Blog

Personal musings. Views are my own.

Planet read

Planet Read is a project started by Google to help increase literacy rates throughout the world. They’ve started by adding same-language subtitles to Bollywood movies, to give people in India who have low literacy skills regular reading practice. That’s pretty sweeeeeet. In many ways, Google is beginning to scare me with the vast amount of super-detailed data they’re now collecting, but in ways like this, they somewhat redeem themselves.

What I’m reading right now:

Kafka on the Shore, by Haruki Murakami–A few weeks ago, I saw After the Quake, an adaptation of one of Murakami’s other books, and shortly after I started this book. I’m almost done with it, and it’s reaaaaaaally good. There are two parallel stories happening. One about a 15-year old kid who runs away from home to run away from an Oedipus-like prophecy, and to prove to himself he can make it on his own. The other about an old man who can’t read or write, but can talk to cats and occasionally makes fish fall from the sky. Throughout the book, flipping back and forth between stories, you can never really tell whether what you’re reading is really happening, or whether the character is existing within someone else’s dream.

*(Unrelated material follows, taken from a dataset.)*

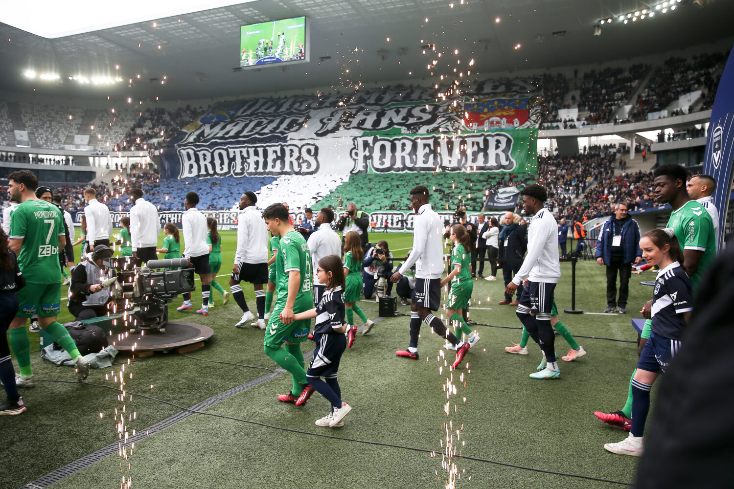 À coté de l'aspect sportif, nous sommes obligés de penser aux tribunes. La saison passée, la venue des bordelais à Geoffroy-Guichard avait eu lieu à huis-clos total. Les stéphanois, avaient en revanche pu, eux, se déplacer au Matmut Atlantique lors du match retour. Et l'ambiance fût exceptionnelle. Les Magic Fans et les Ultramarines, groupes amis depuis 30 ans, avaient réalisés une animation commune avec de gigantesques tifos.
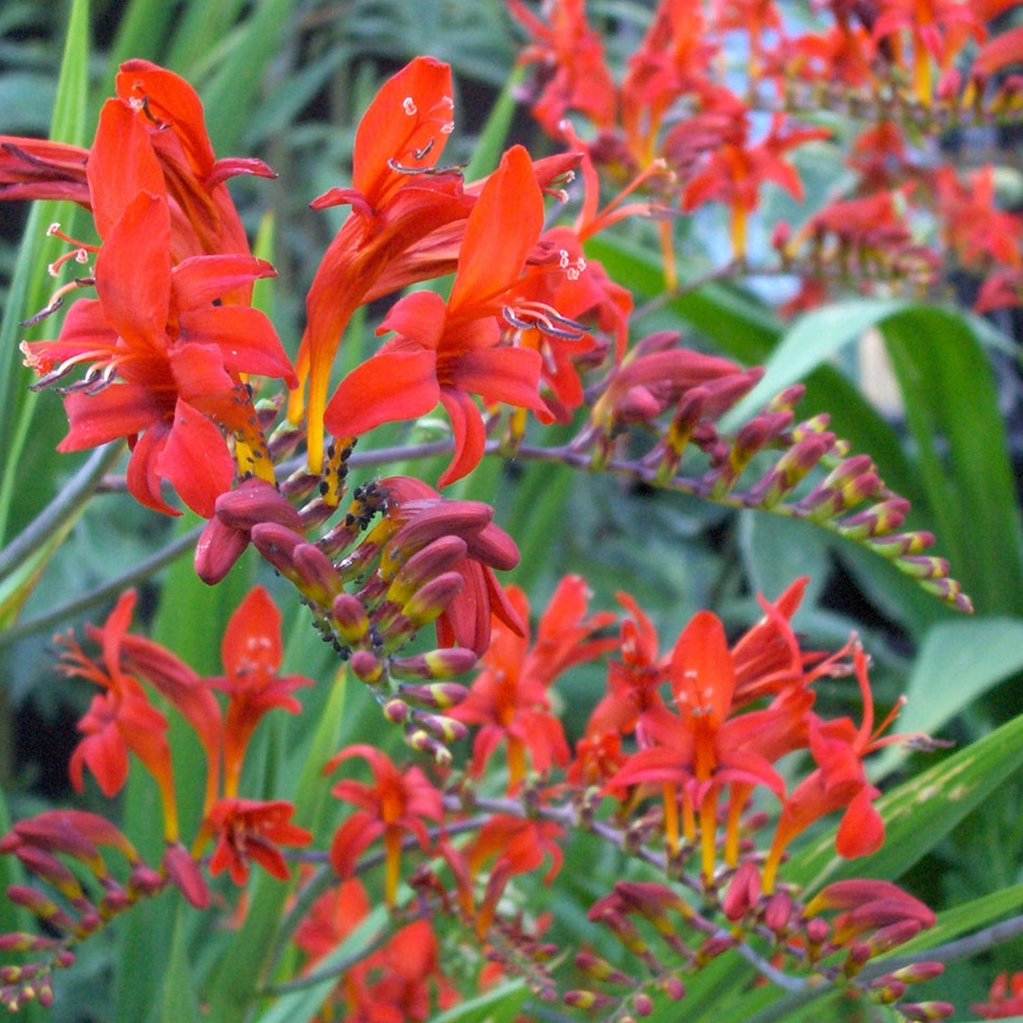Apply a tomato fertiliser fortnighly throughout summer to encourage pot-grown crocosmias to flower more.

Or if the characters jump back and forth between reality and their own, or other people’s dreams. There are so many vivid, dream-like descriptions, that often remind you of things that happened or existed in the other parallel story. Like in the very beginning of the book, after the 15-year old kid first runs away, the old man’s story is introduced. He’s talking to a tomcat about a lost cat he’s trying to help a family find, and the way he’s describing this random lost cat is so similar to how the author initially describes the 15-year old kid. It’s hard to explain, but it’s soooo good.